22b Green Bank Observatory Time Allocation Committee Report

A total of 70 proposals requesting NSF-funded “open skies” time were submitted to the Green Bank Observatory’s Robert C. Byrd Green Bank Telescope (GBT) for semester 22B. Proposals are reviewed on a competitive basis with a panel review system (see Proposal Review System). Below are the statistics by proposal count and hours. The oversubscription is the ratio of the number of submitted proposals to the number of approved proposals. The pressure is the ratio of the requested time to the available time in hours. Here we only include proposals submitted for the 22B semester that have been reviewed by the Green Bank Observatory Telescope Allocation Committee (TAC).

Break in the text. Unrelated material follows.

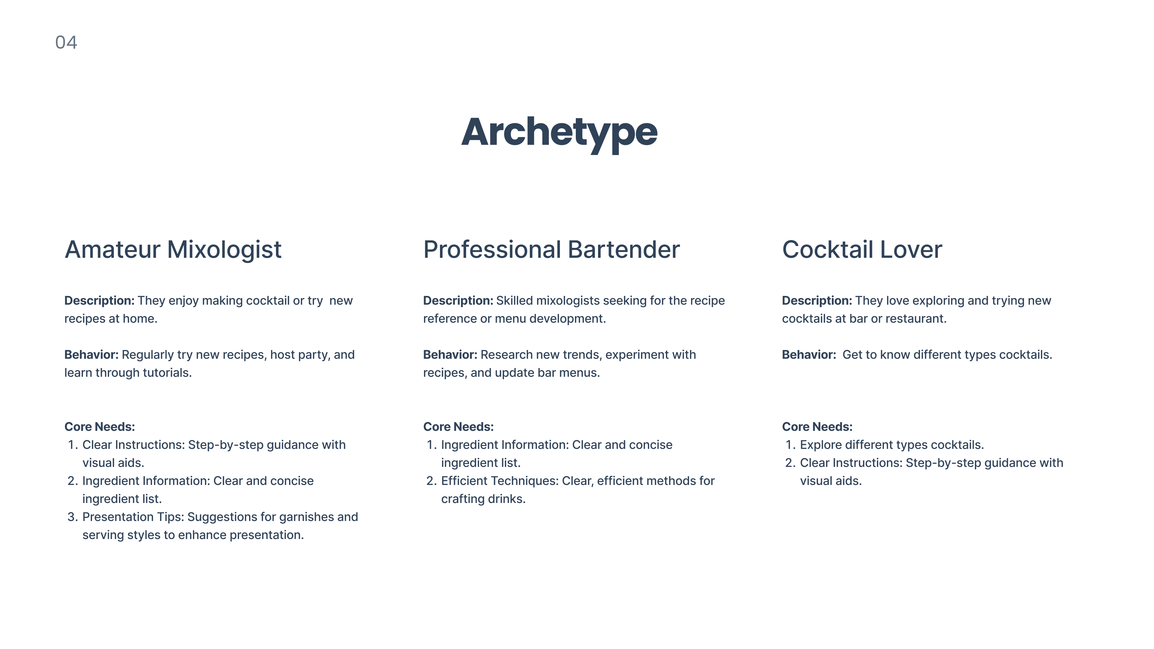 To ground the design, I identified three core archetypes: the Amateur Mixologist, the Professional Bartender, and the Cocktail Lover.

A description of the 22B proposals accepted can be found here.

Statistics by Proposal Count

Total Proposals 70
Approved 30
Filler 19
Rejected 18
Hold 2
Withdrawn1
Oversubscription 2.33
Table 1

Statistics by Proposal Hours

Requested Time 3334.25 hours
Available Time 1838.75 hours
Approved 694.75 hours
Filler 376.75 hours
Rejected 2134.75 hours
Pressure 1.8
Table 2

GBT Pressure Plots

Observations in high-frequency bands require better weather conditions than observations in lower frequency bands. The GBT uses three weather categories: poor (for observations below 8 GHz), good (observations between 8-18 GHz and 26.5-50 GHz), and excellent (observation in the 18-26.5 GHz band and above 50 GHz). The first three figures below show the pressure plots for each of these weather categories. The last figure includes all-weather categories. The black horizontal line shows the total available hours. The letters A, B, and C correspond to the priorities assigned by the TAC where A and B are approved time and C is filler time. Carryover is time allocated by a TAC from a previous semester that is being executed in the 22A semester.

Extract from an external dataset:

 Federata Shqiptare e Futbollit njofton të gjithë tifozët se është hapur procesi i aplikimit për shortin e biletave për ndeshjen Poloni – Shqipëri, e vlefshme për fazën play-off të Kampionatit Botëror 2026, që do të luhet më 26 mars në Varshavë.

GBT Observation Preparation

Please use the GBT Dynamic Scheduling System (DSS) to enable observing sessions, select observers for your project, and enter your blackout dates. The DSS Home Page has additional information about the DSS. See GBT Observing for information about how to prepare for your observations.

Please note that the DSS uses the average Right Ascension (RA) and Declination (Dec) of all sources within a session. The average RA and Dec will be used to determine when the session can be scheduled. You will need to carefully check the RA and Dec, along with the minimum and maximum session lengths, to make sure that these values are satisfactory and will allow all your sources to be observed before enabling the session.